Saturday 14 September 2019

"Our expert guide on how to hunt for treasure in the UK and best places to find it, plus an overview of famous treasure finds".


Interviewed tekkie
 Paul Coleman (Getty)
Twenty years the UK's Portable Antiquities Scheme has been telling the British public website all about archaeological value. Twenty years of outreach, contact, persuasion, dissemination. And the results? Pretty pathetic, it seems. Obviously they'll need another twenty, forty, sixty years to make an impact. Meanwhile the exploitation of Britain's heritage landscape goes on, encouraged by the clueless media, like this website, published by Immediate Media Company Limited (under licence from BBC Studios Distribution): UK treasure guide: best places to find and how to hunt for treasure :
From Roman coins to fossils and priceless gems, stones and metals, there is a wealth of hidden treasure in the British countryside, which is just waiting to be discovered. Our expert guide on how to hunt for treasure and where to find it in Britain [...] According to recent treasure reports, Britain is enjoying a boom in treasure hunting [...] According to the Department for Digital, Culture, Media and Sport treasure report, in 2016, there were 1,116 cases of reported treasure finds. The provisional figure for 2017 was 1,267 making this the fourth year in a row when the number exceeded 1,000.

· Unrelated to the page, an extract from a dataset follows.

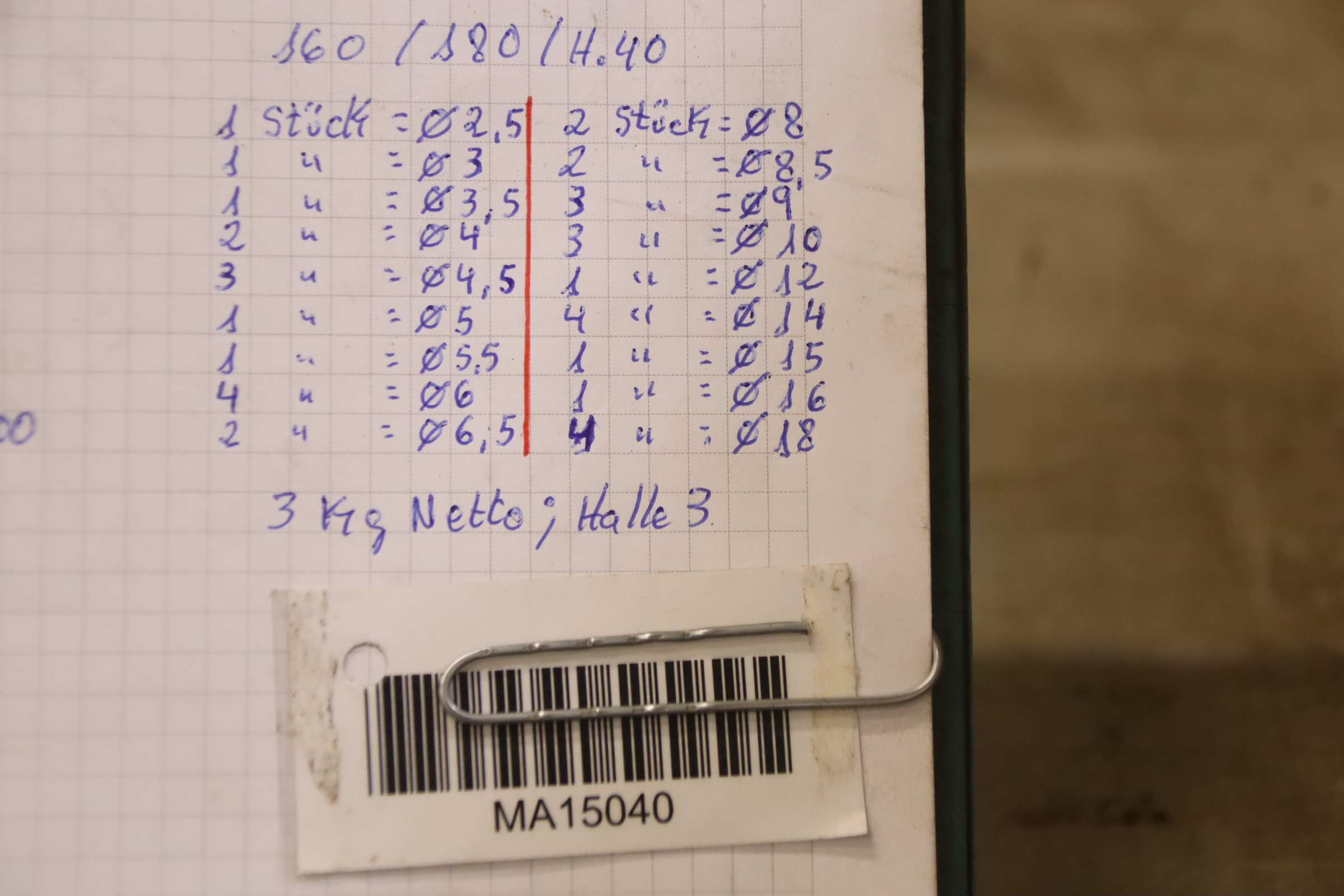 -Größen: Ø 2,5 – 18 mm, siehe Fotos / Stückliste

The text mentions " What type of treasure can you to hunt for in Britain, plus best places to look, 1 Semi-precious stones..." alongside "history hunting" metal detectorists. So are they looking for history or Treasures? Each historical find however has its value expressed in pounds as well as the usual superlatives. The text is anonymous, which is just as well, because it is horrendously muddled (the Staffordshire Hoard is not seen to be the same as a "Hammerswich hoard", shipwrecks are mentioned twice in te lisrts of categories of Treasure you can go a'hunting for [no mention of permits]). The unnamed author convinces you that if you go Treasure hunting, you need to " Visit the National Council for Metal Detecting (NCMD) for metal detecting code of conduct". Could there perhaps be another one you'd need to visit, where's that then? Hidden away... This damaging text has every appearance of a space-filling hasty pastiche knocked up in a photo library with a pile of books by the Greenlight Press by somebody who has access to an interview with detectorist Paul Coleman - the dug-up-in-one-day-into-a-Sainsbury's-bag Lenborough Hoard, and with some press clippings featuring the by now stock characters, wholesome Dave Crisp, the commercial Peter Welch (runs the 1,000-strong Weekend Wanderers Detecting "Club" commercial company, Steve Critchley former NCMD chair, and Lance and Andy, the main fictional characters in the fictional series Detectorists, who now creep in everywhere. Total disaster, as Andy Brockman (@pipelinenews·14th sept 2019) notes:
Country Fail: an "expert" article about treasure hunting in the UK which fails to mention the legal protection for scheduled monuments, shipwrecks, the Receiver of Wreck, or even the Portable Antiquities Scheme.
What use is a PAS that cannot get the message across any way? How much effort is being expended in Bloomsbury to brief journalists and editors so this sort of mindless fluff is not produced and published? They have finds days, why not press days?